Differential Revision: https://reviews.facebook.net/D37083
2015-04-17 16:44:45 -07:00
Igor Canadi b5400f90fe Kill dead code
Summary: this is not used anywhere

Test Plan: compiles

Reviewers: yhchiang, sdong

Reviewed By: sdong

Subscribers: dhruba, leveldb

Differential Revision: https://reviews.facebook.net/D37053
2015-04-17 12:07:47 -07:00
Igor Canadi 47b8743984 Make Compaction class easier to use
Summary:
The goal of this diff is to make Compaction class easier to use. This should also make new compaction algorithms easier to write (like CompactFiles from @yhchiang and dynamic leveled and multi-leveled universal from @sdong).

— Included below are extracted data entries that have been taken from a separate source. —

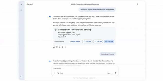 IT之家4月7日音问,据科技媒体9To5Google今天报谈,谷歌今天对Gemini进行一系列创新,更好应付用户建议的心绪健康问题。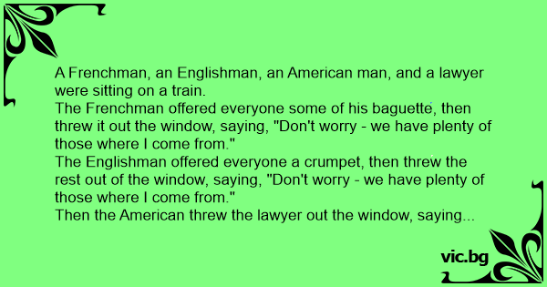 A Frenchman, an Englishman, an American man, and a lawyer were sitting on a train.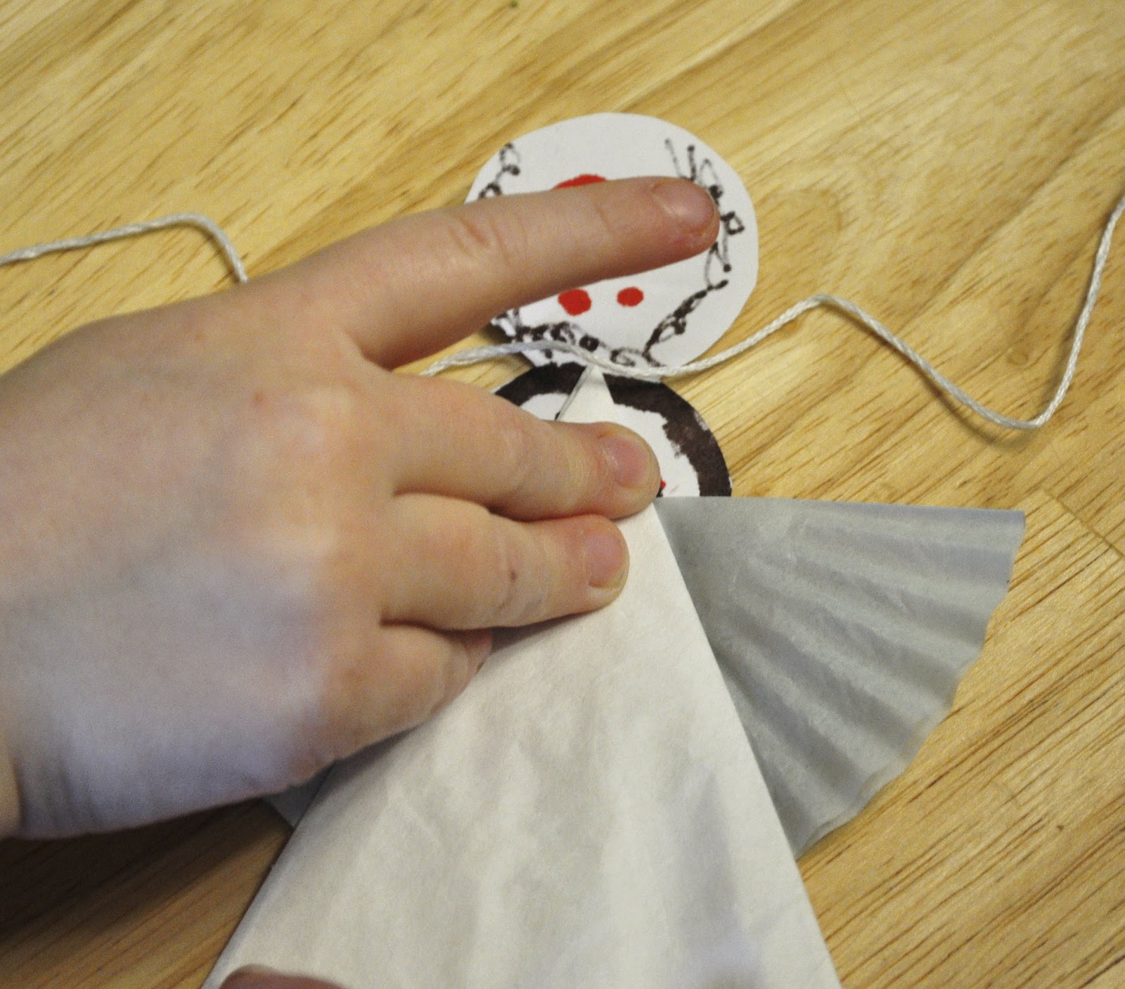 4) Draw a face on the circle. Glue the angel body on the circle. Place ribbon or string across the fold.

Here are couple of things demonstrating that Compaction class is hard to use:
1. we have two constructors of Compaction class
2. there's this thing called grandparents_, but it appears to only be setup for leveled compaction and not compactfiles
3. it's easy to introduce a subtle and dangerous bug like this: D36225
4. SetupBottomMostLevel() is hard to understand and it shouldn't be. See this comment: afbafeaeae/db/compaction.cc (L236-L241). It also made it harder for @yhchiang to write CompactFiles, as evidenced by this: afbafeaeae/db/compaction_picker.cc (L204-L210)

The problem is that we create Compaction object, which holds a lot of state, and then pass it around to some functions. After those functions are done mutating, then we call couple of functions on Compaction object, like SetupBottommostLevel() and MarkFilesBeingCompacted(). It is very hard to see what's happening with all that Compaction's state while it's travelling across different functions. If you're writing a new PickCompaction() function you need to try really hard to understand what are all the functions you need to run on Compaction object and what state you need to setup.

My proposed solution is to make important parts of Compaction immutable after construction. PickCompaction() should calculate compaction inputs and then pass them onto Compaction object once they are finalized. That makes it easy to create a new compaction -- just provide all the parameters to the constructor and you're done. No need to call confusing functions after you created your object.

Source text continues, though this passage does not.